In case you had your head under a rock last week, a vulnerability in the ubiquitous wireless security protocol WPA2 was exposed. Unlike device specific vulnerabilities found in the past, the KRACK vulnerability is likely to affect every wireless device released within the last 13 years. In total, ten CVE numbers have been preserved to describe the vulnerability and its impact, and according to the US Department of Homeland Security, the main affected vendors are Aruba, Cisco, Espressif Systems, Fortinet, the FreeBSD Project, HostAP, Intel, Juniper Networks, Microchip Technology, Red Hat, Samsung, various units of Toshiba, and Ubiquiti Networks.
Now before you start digging a hole for your iPhones in the woods, there are a number of steps you can take to protect your privacy and devices. Of these recommended security measures, updating your devices with vendor supplied patches. Take a look below to see what steps each vendor is taking to lock down their devices.
Apple – Apple has confirmed that fixes for iOS, macOS, watchOS and tvOS are currently in beta and will be rolling them out over the coming few weeks.
Aruba – Aruba has been pretty speedy with their response offering a security advisory and available patches for download for ArubaOS, Aruba Instant, Clarity Engine, and other software impacted by the bug.
AVM – Because of its ‘limited attack vector’ the company originally said it won’t be administering any security patches until absolutely necessary. The company has recently released a statement saying it will now provide updates for its wireless repeaters.
Cisco – Cisco is currently investigating which of its products are impacted by the Krack attack, but acknowledges that multiple Cisco products have been affected. Here are the current available patches.
eero – The eeroOS version 3.5 includes a patch to protect against Krack and is currently available as an in application update.
Espressif Systems – The Chinese wireless vendor has started patching its chipsets specifically ESP-IDF and ESP8266 versions, with Arduino ESP32 next on the cards for a fix.
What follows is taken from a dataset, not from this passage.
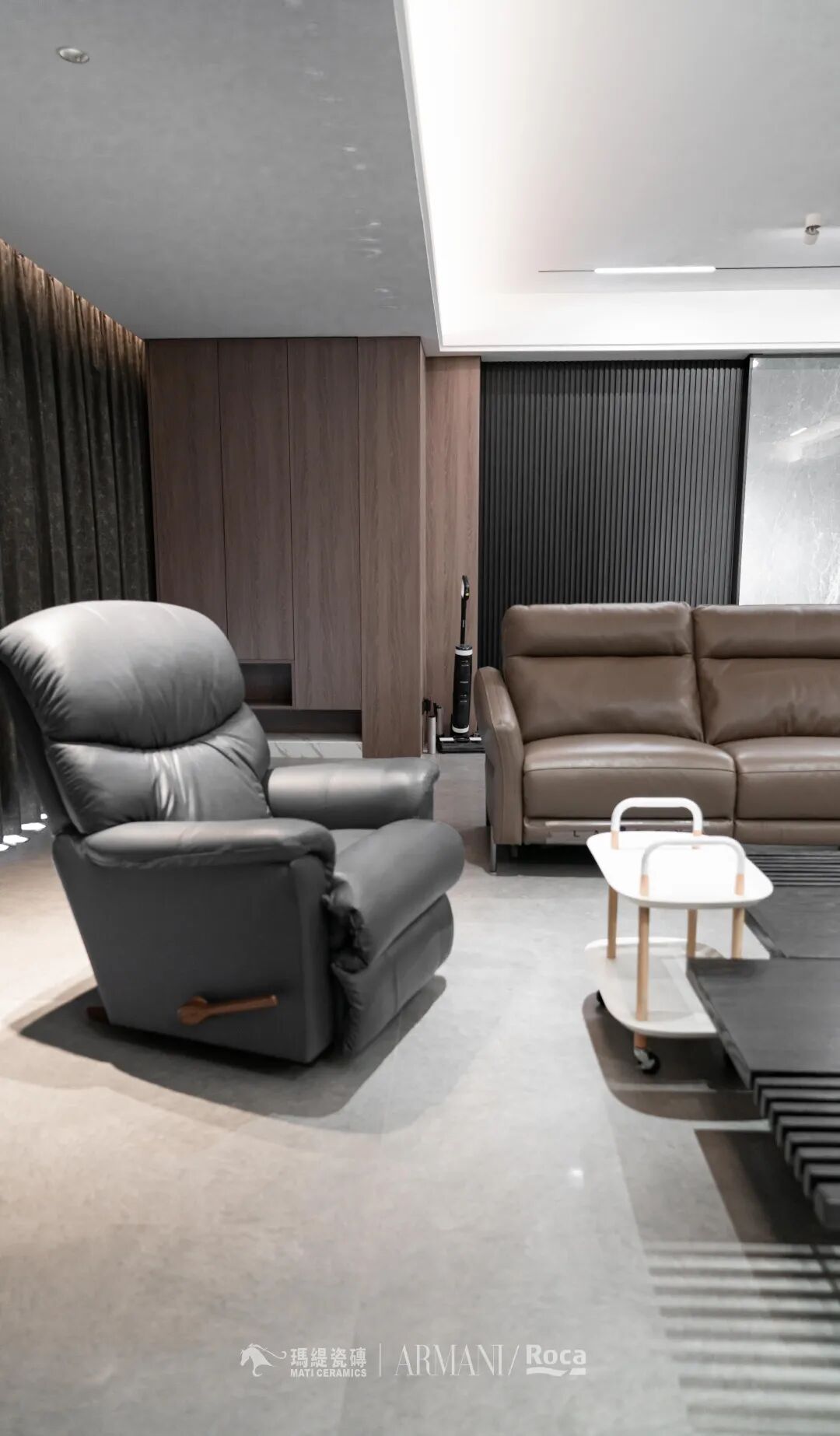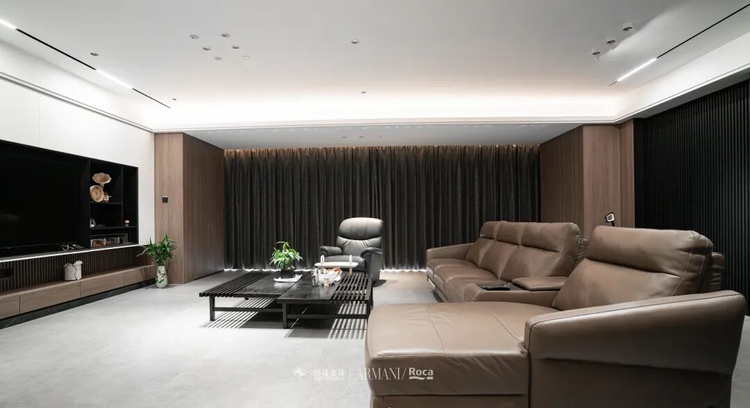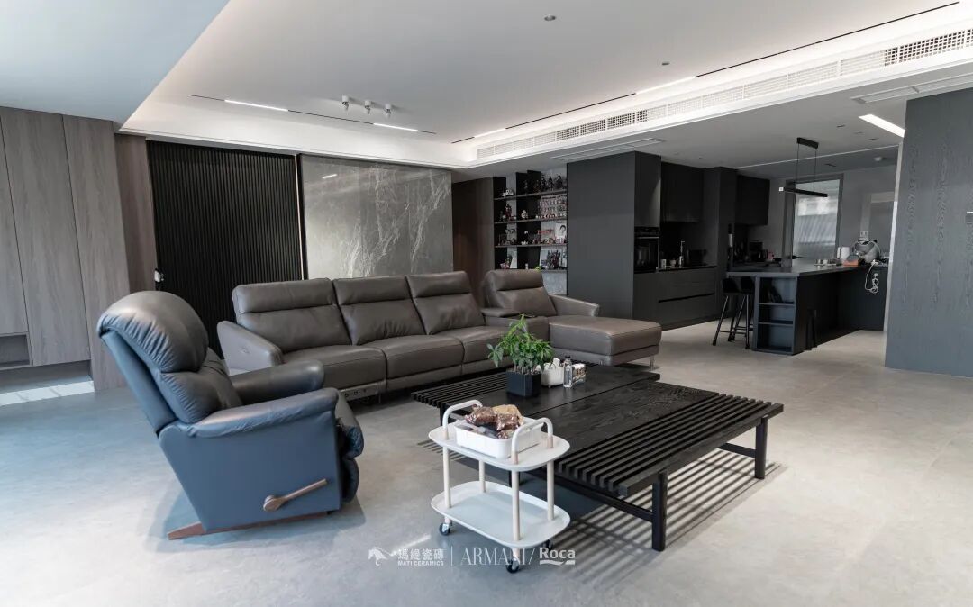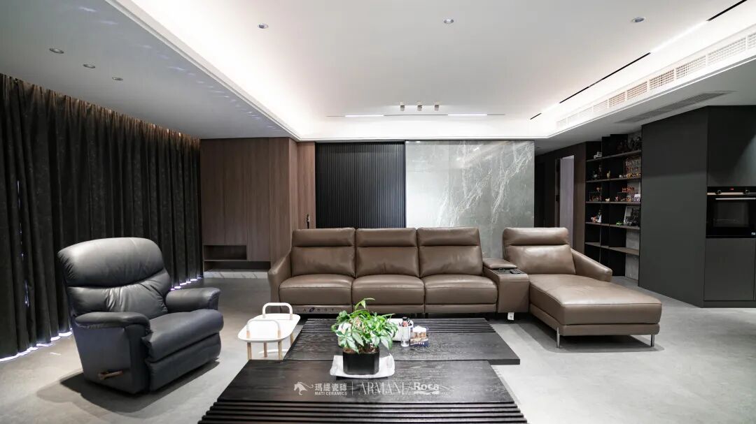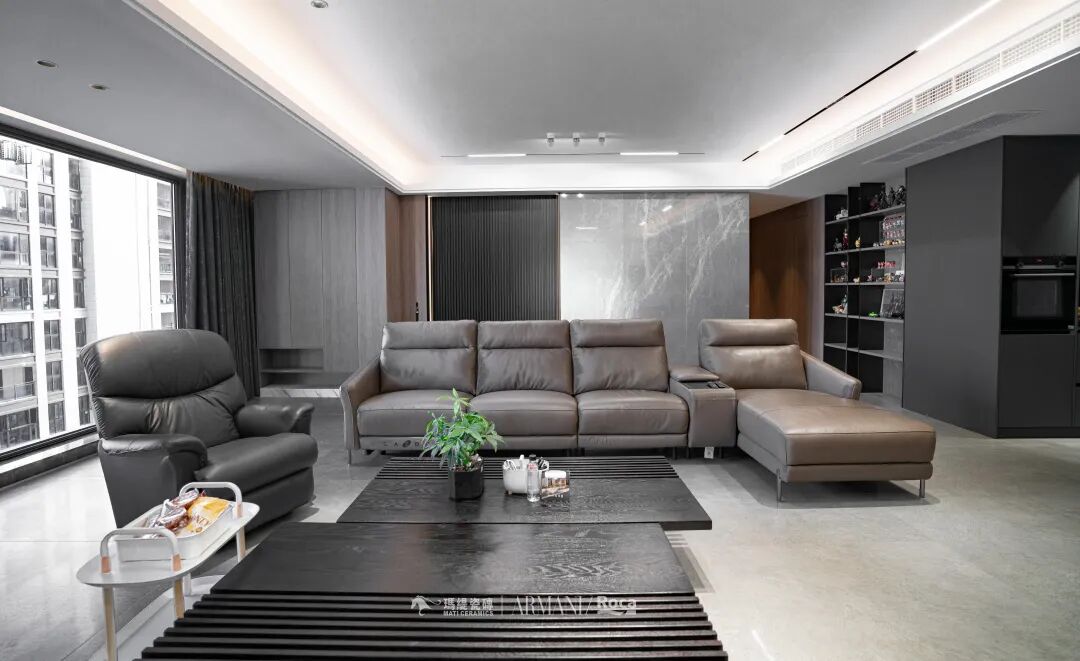 在与设计师沟通后,设计上选择的是现代简约风,足够大的空间,足够大的视野,以灰+黑+棕作为主色承载整个空间的基调。
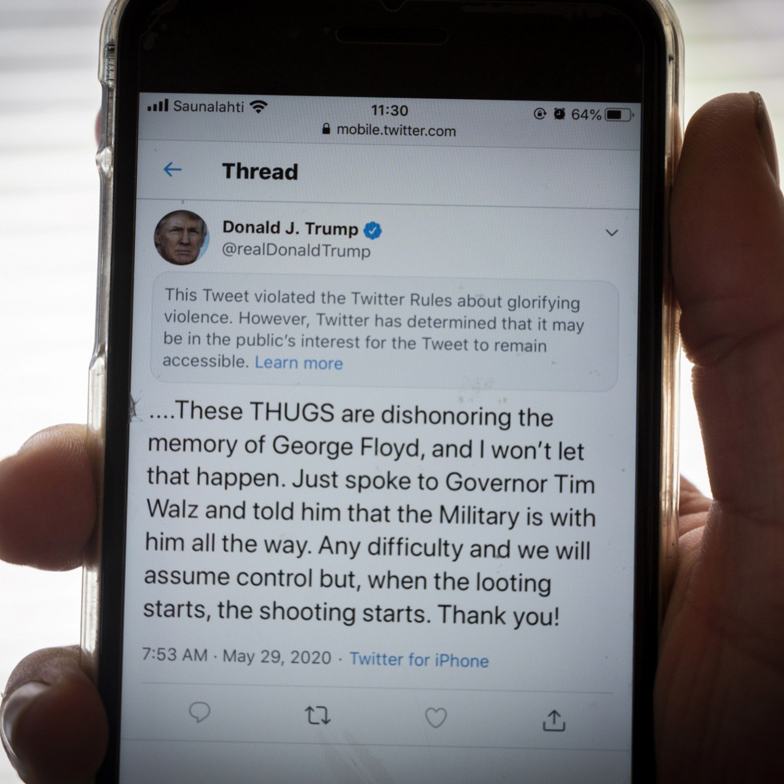 Twitter Flags Trump Tweet On Minneapolis For Glorifying Violence

Fortinet – It looks like FortiAP 5.6.1 is no longer vulnerable to most of the CVEs linked to the attack, but the latest branch, 5.4.3, may still be impacted. There are firmware updates to be expected.
FreeBSD Project – A patch is actively being worked on for the base system.
Google – Google says it is currently aware of the issue and will patch all affected devices in the coming weeks.
HostAP – The Linux driver provider has offered a number of patches in response to krack.
Intel – Intel has released a security advisory listing updated wireless drives and patches for affected chipsets, as well as Intel Active Management Technology.
Linux – A Linux patch is already available and Debian builds can patch now.
Netgear – Netgear has released fixes for some of its router hardware. Check out the full list here.
Toshiba – A Toshiba spokesperson has said that they’re currently investigating the effect of the WPA2 vulnerability with the intention of clarify the findings to the public once they become available.
Ubiquiti – A new firmware update protects Ubiquiti users against the attack. Check it out here.
Watch Guard – Patches for Fireware OS, WatchGuard legacy and current access points, and for WatchGuard Wi-Fi Cloud have become available.
Wi-Fi Alliance: Wi-Fi Alliance is offering a tool to detect KRACK for members and requires testing for the bug for new members.
Wi-Fi Standard: A fix is available for vendors but not directly for end users.